Sementara, 176 kasus penyiksaan dilakukan oleh polisi, laporan Komisi Nasional (Komnas) HAM sepanjang 2020-2024.
Salah tangkap? Pecat kami — 15 kasus salah tangkap terjadi sepanjang Juni 2023-Juli 2024, laporan KontraS. Sebanyak 14 anak salah tangkap disiksa, data pribadi disebar polisi Magelang dan 66 sipil ditahan, mengalami luka-luka, 24 orang diantaranya anak-anak, dilaporkan oleh Lembaga Bantuan Hukum (LBH).
Lapor! (Dipukul, diancam, dilecehkan) senior — Brigadir Dua Faturrahman Ismail, tewas setelah diduga dianiaya oleh dua orang senior di barak Pengendalian Masyarakat (Dalmas) Polda Sulawesi Tenggara (2018).
Brigadir Muhammad Nurhadi tewas dianiaya tiga seniornya di vila di Kabupaten Lombok Utara (2025).
Anggota Ditsamapta Polda Jawa Barat (Jabar), Bripda Ariq Irfansyah meninggal dunia setelah diduga mengalami kekerasan fisik yang dilakukan seniornya (2025).
DOR! Digaji oleh Rakyat — 65 persen lebih tidak percaya atas Polri yang bersih dan mengayomi, berdasarkan survei GoodStats.
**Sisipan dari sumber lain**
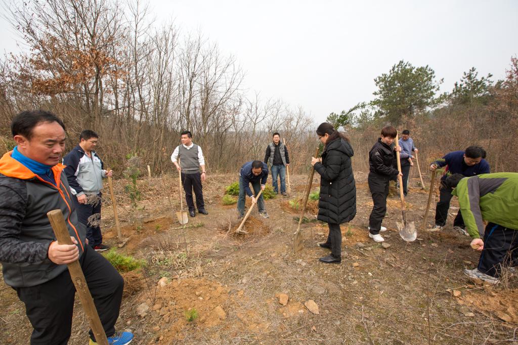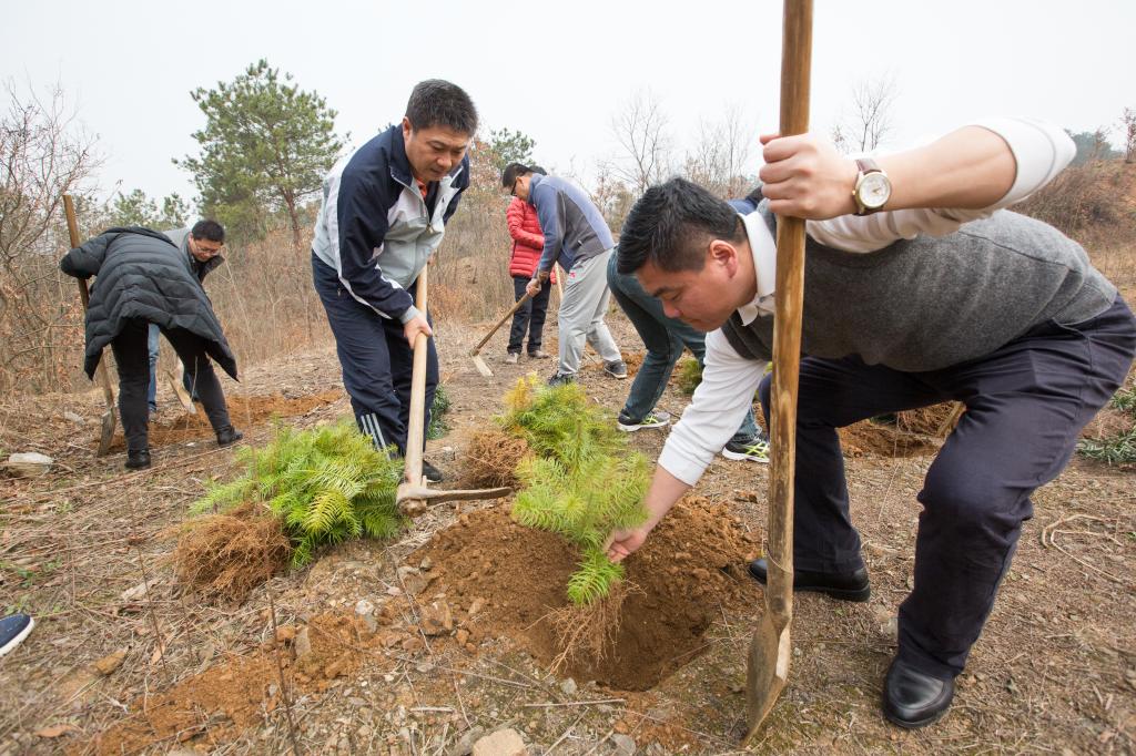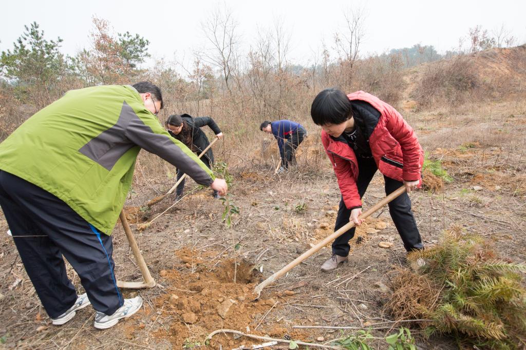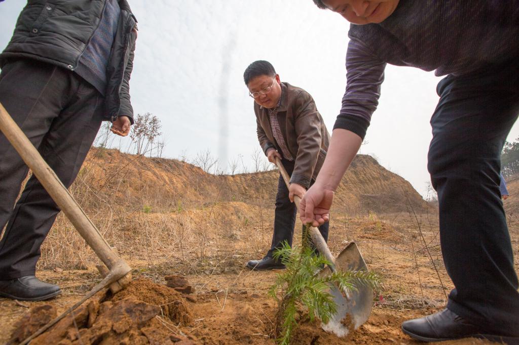 在植树现场,大家热情高涨,有的挥锹挖窝、有的铲土、有的扶苗、有的浇水,为扶贫村增添了一片生机勃勃的绿色,它不仅见证武汉体育学院与丰店镇父老乡亲结下的深厚情谊,还将帮扶扶贫村发展林业经济,为扶贫村增收再造新血。

Dalam pengarahannya di 2022, Jokowi mengatakan: “Jangan gagah-gagahan karena merasa punya mobil bagus, atau motor gede yang bagus, hati-hati, hati-hati, saya ingatkan hati-hati."
Bagi Jokowi, Polri cukup resapi, jalankan tugas sebagai pelindung, pengayom, dan pelayan masyarakat—tinggalkan jelimet Presisi.
Dan, hal itu dapat diperkuat secara strategis melalui copywriting yang jelas, sederhana, dan persuasif.